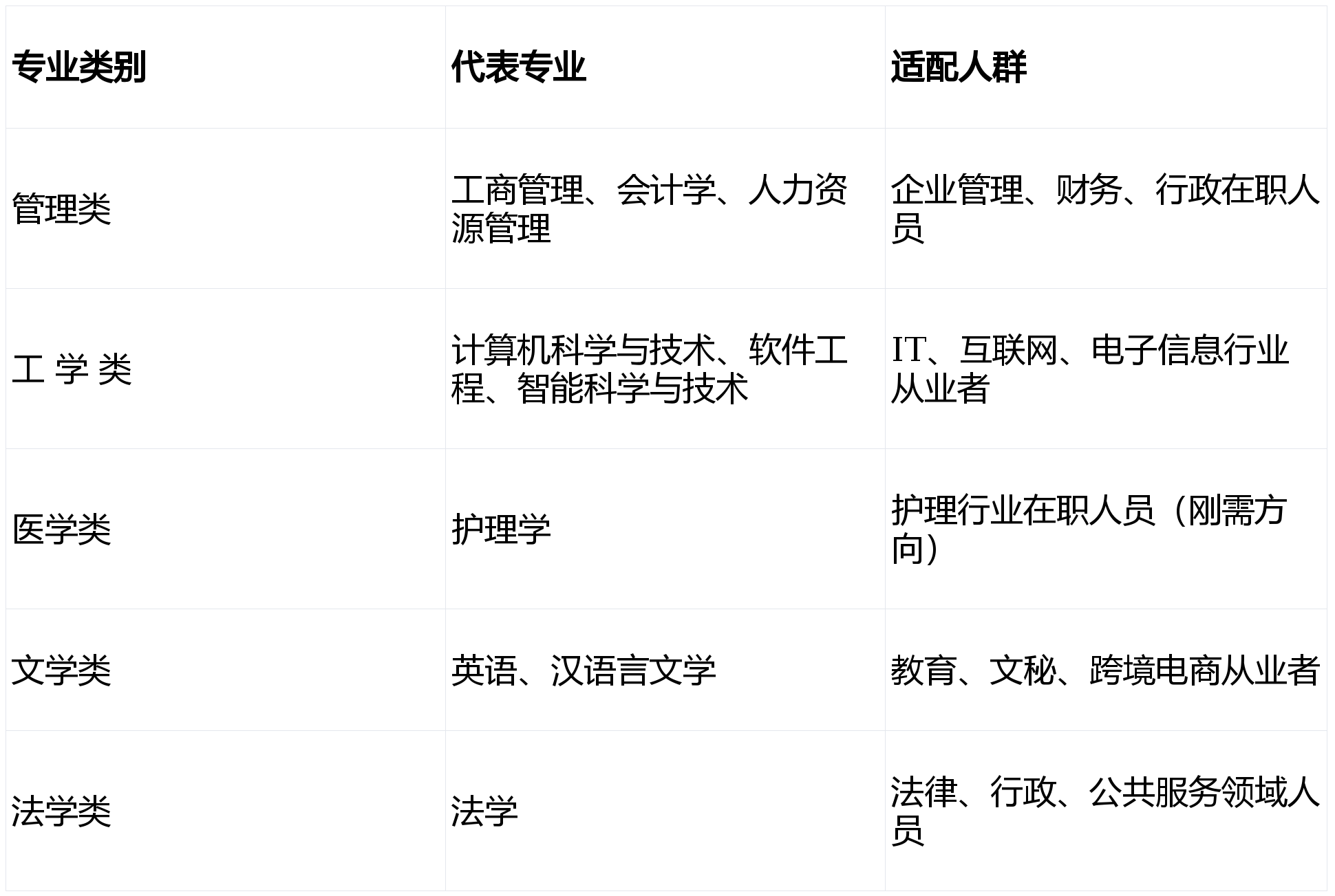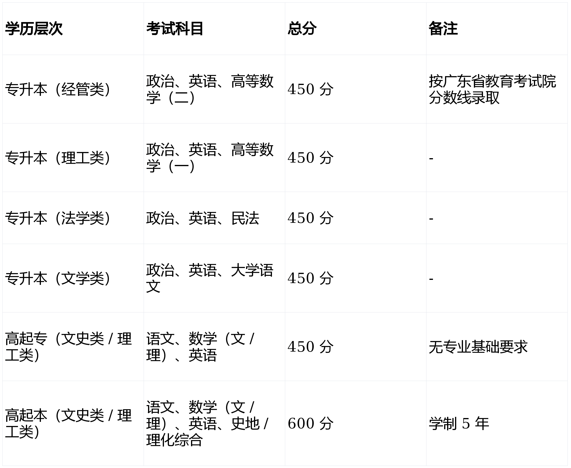 :面向广东省,专业覆盖管理学、工学、法学、文学、医学等门类,适配不同职场人群。
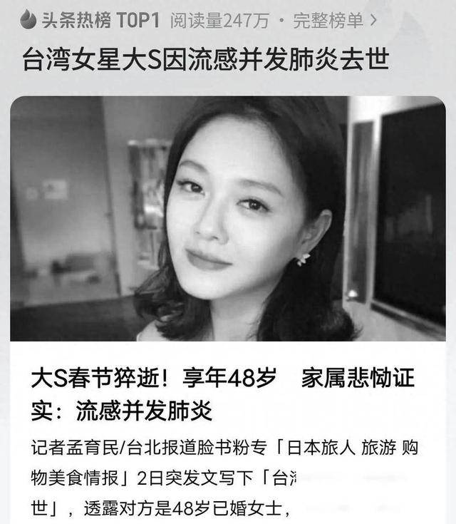 要知道大S也才四十多岁,还有大半年华等她去度过,没曾想却突传噩耗。
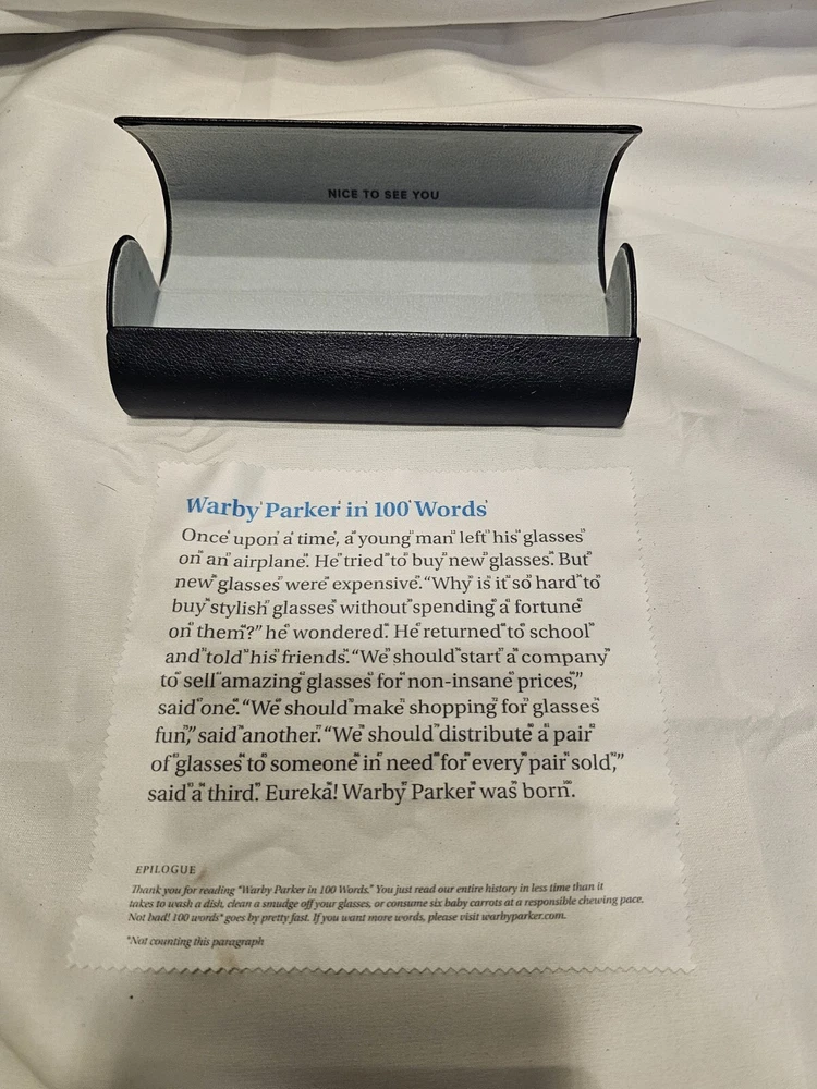 Warby Parker EyeGlasses Sunglasses Case With Cleaning Cloth.

-- -- --

## DIRECTIONS
Give the listing above again exactly, minus any images.

## RESULT OF THIS TASK
 :面向广东省,专业覆盖管理学、工学、法学、文学、医学等门类,适配不同职场人群。
 要知道大S也才四十多岁,还有大半年华等她去度过,没曾想却突传噩耗。
 Warby Parker EyeGlasses Sunglasses Case With Cleaning Cloth.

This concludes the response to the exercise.